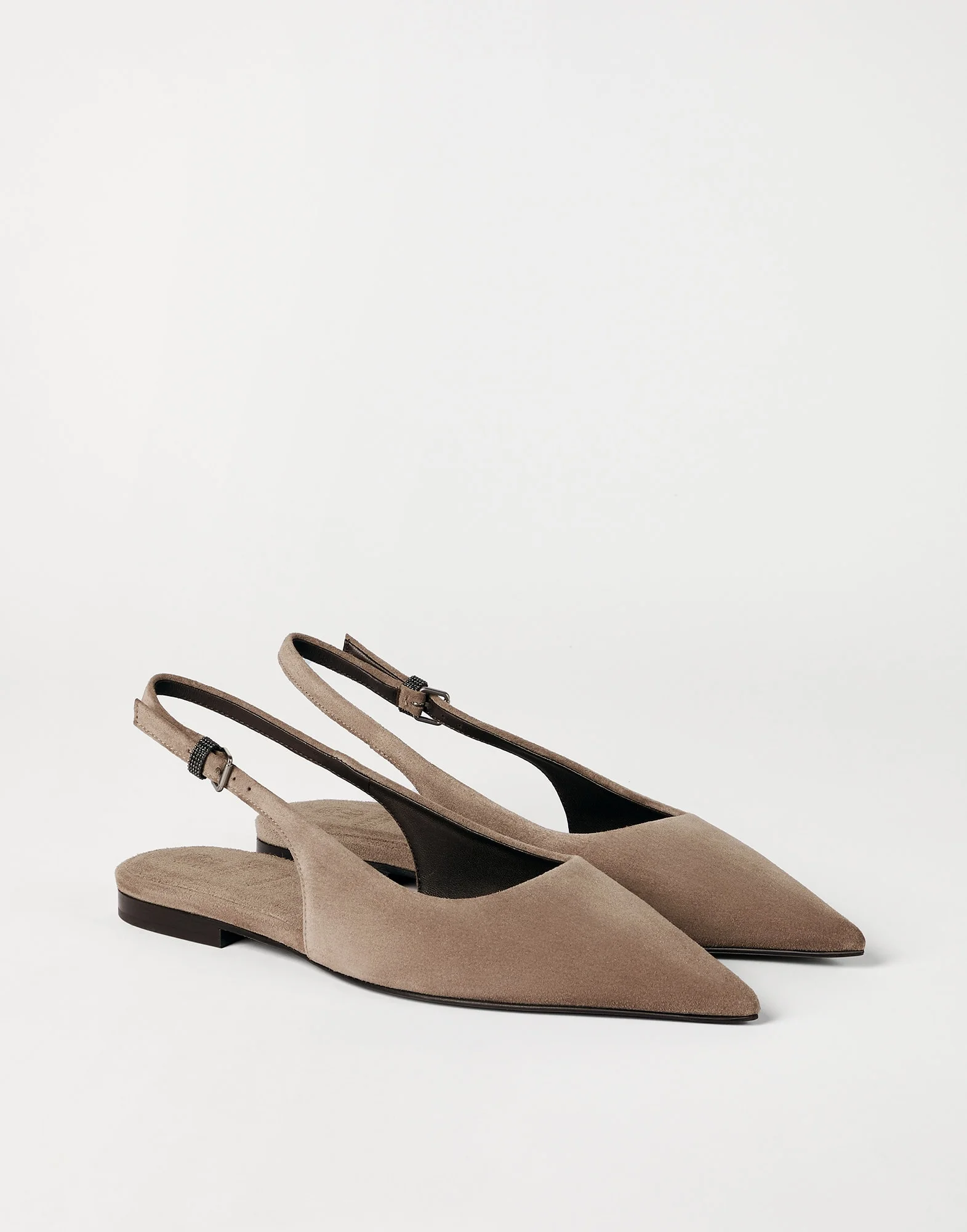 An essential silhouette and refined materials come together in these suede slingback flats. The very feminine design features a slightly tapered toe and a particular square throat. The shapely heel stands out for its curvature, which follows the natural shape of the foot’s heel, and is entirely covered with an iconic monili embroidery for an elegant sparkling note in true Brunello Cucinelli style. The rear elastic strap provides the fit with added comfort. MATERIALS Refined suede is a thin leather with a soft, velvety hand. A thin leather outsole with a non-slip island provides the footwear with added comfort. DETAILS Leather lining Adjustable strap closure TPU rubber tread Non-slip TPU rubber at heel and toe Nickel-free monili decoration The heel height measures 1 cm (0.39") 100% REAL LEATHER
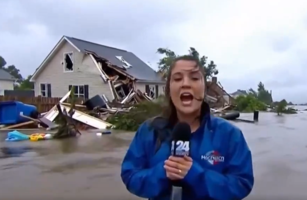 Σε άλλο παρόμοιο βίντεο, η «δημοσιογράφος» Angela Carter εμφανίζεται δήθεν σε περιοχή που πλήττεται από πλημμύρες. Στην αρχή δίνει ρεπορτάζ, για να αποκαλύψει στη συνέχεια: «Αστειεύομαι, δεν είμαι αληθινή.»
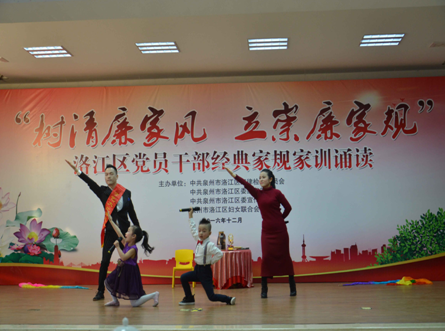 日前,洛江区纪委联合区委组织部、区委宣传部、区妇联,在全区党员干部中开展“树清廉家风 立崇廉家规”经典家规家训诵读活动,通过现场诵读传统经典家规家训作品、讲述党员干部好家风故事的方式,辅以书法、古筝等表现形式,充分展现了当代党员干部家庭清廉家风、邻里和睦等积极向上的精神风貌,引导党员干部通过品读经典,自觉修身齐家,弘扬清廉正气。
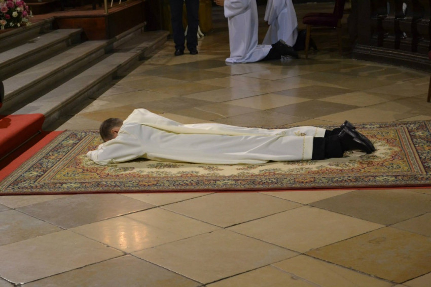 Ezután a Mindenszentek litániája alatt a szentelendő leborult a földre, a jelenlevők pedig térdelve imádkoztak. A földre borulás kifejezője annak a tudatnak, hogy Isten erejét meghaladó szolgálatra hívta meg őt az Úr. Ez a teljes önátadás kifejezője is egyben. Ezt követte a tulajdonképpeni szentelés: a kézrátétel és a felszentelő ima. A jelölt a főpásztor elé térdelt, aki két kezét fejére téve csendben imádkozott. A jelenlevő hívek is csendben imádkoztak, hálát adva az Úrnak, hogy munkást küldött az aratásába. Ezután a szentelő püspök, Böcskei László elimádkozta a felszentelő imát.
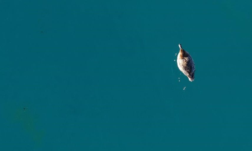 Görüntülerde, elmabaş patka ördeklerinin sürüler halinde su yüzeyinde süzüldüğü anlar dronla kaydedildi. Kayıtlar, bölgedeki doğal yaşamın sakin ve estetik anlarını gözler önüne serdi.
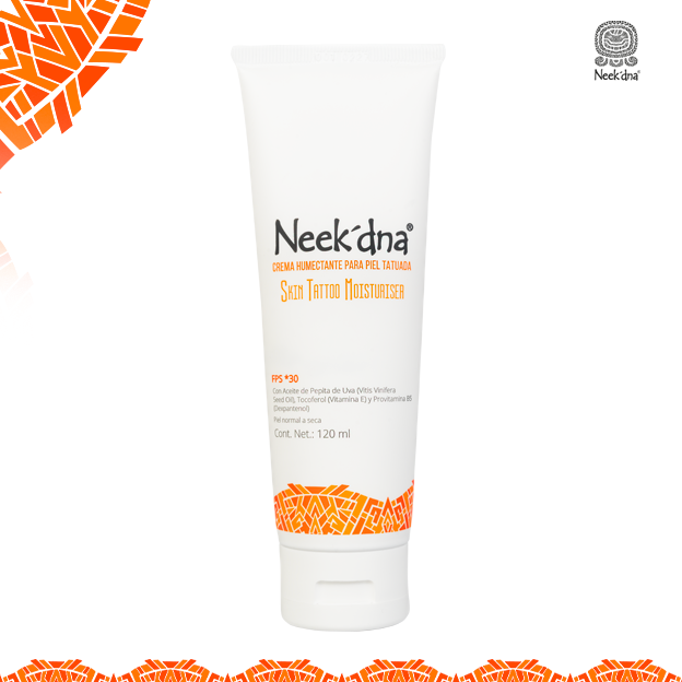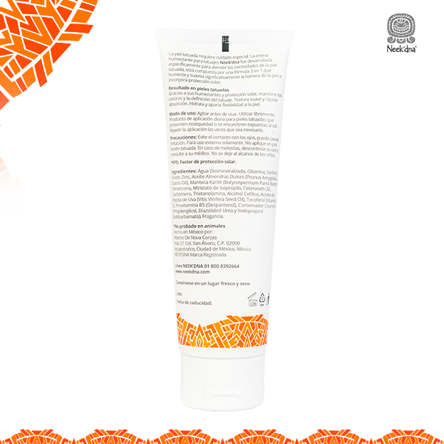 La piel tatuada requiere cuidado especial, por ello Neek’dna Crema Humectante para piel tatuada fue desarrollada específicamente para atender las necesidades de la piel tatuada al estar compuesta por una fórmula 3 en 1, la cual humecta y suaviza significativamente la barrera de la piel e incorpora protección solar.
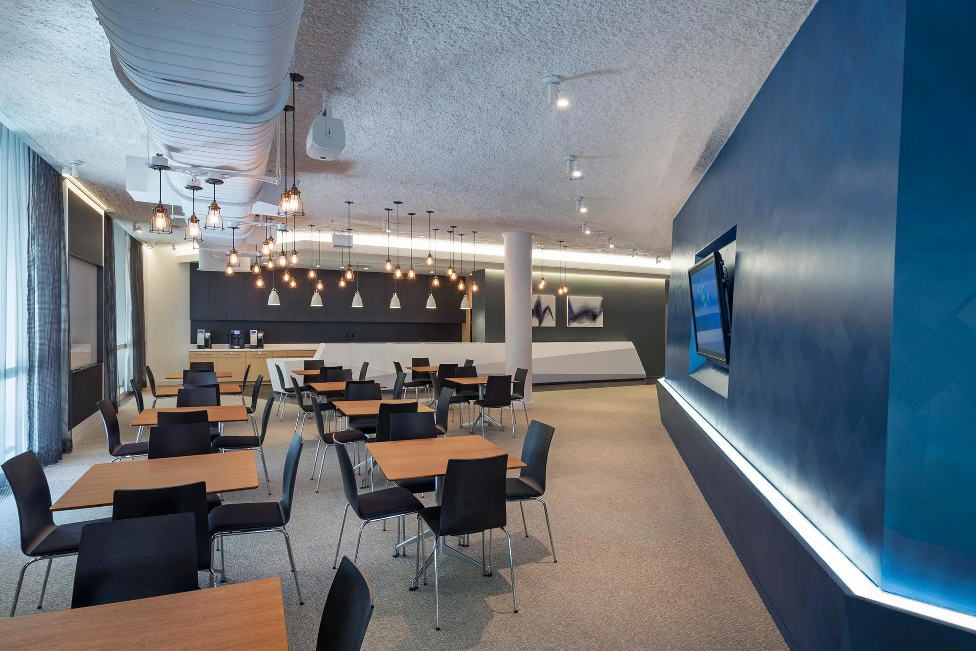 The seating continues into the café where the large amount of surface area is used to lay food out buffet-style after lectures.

WHAT YOU ARE ASKED TO DO
Repeat, with no pictures, every line from the top of the entries above through the line that has "La piel tatuada requiere", keeping each one exact.

ANSWER TO THE EXERCISE
 An essential silhouette and refined materials come together in these suede slingback flats. The very feminine design features a slightly tapered toe and a particular square throat. The shapely heel stands out for its curvature, which follows the natural shape of the foot’s heel, and is entirely covered with an iconic monili embroidery for an elegant sparkling note in true Brunello Cucinelli style. The rear elastic strap provides the fit with added comfort. MATERIALS Refined suede is a thin leather with a soft, velvety hand. A thin leather outsole with a non-slip island provides the footwear with added comfort. DETAILS Leather lining Adjustable strap closure TPU rubber tread Non-slip TPU rubber at heel and toe Nickel-free monili decoration The heel height measures 1 cm (0.39") 100% REAL LEATHER
 Σε άλλο παρόμοιο βίντεο, η «δημοσιογράφος» Angela Carter εμφανίζεται δήθεν σε περιοχή που πλήττεται από πλημμύρες. Στην αρχή δίνει ρεπορτάζ, για να αποκαλύψει στη συνέχεια: «Αστειεύομαι, δεν είμαι αληθινή.»
 日前,洛江区纪委联合区委组织部、区委宣传部、区妇联,在全区党员干部中开展“树清廉家风 立崇廉家规”经典家规家训诵读活动,通过现场诵读传统经典家规家训作品、讲述党员干部好家风故事的方式,辅以书法、古筝等表现形式,充分展现了当代党员干部家庭清廉家风、邻里和睦等积极向上的精神风貌,引导党员干部通过品读经典,自觉修身齐家,弘扬清廉正气。
 Ezután a Mindenszentek litániája alatt a szentelendő leborult a földre, a jelenlevők pedig térdelve imádkoztak. A földre borulás kifejezője annak a tudatnak, hogy Isten erejét meghaladó szolgálatra hívta meg őt az Úr. Ez a teljes önátadás kifejezője is egyben. Ezt követte a tulajdonképpeni szentelés: a kézrátétel és a felszentelő ima. A jelölt a főpásztor elé térdelt, aki két kezét fejére téve csendben imádkozott. A jelenlevő hívek is csendben imádkoztak, hálát adva az Úrnak, hogy munkást küldött az aratásába. Ezután a szentelő püspök, Böcskei László elimádkozta a felszentelő imát.
 Görüntülerde, elmabaş patka ördeklerinin sürüler halinde su yüzeyinde süzüldüğü anlar dronla kaydedildi. Kayıtlar, bölgedeki doğal yaşamın sakin ve estetik anlarını gözler önüne serdi.
 La piel tatuada requiere cuidado especial, por ello Neek’dna Crema Humectante para piel tatuada fue desarrollada específicamente para atender las necesidades de la piel tatuada al estar compuesta por una fórmula 3 en 1, la cual humecta y suaviza significativamente la barrera de la piel e incorpora protección solar.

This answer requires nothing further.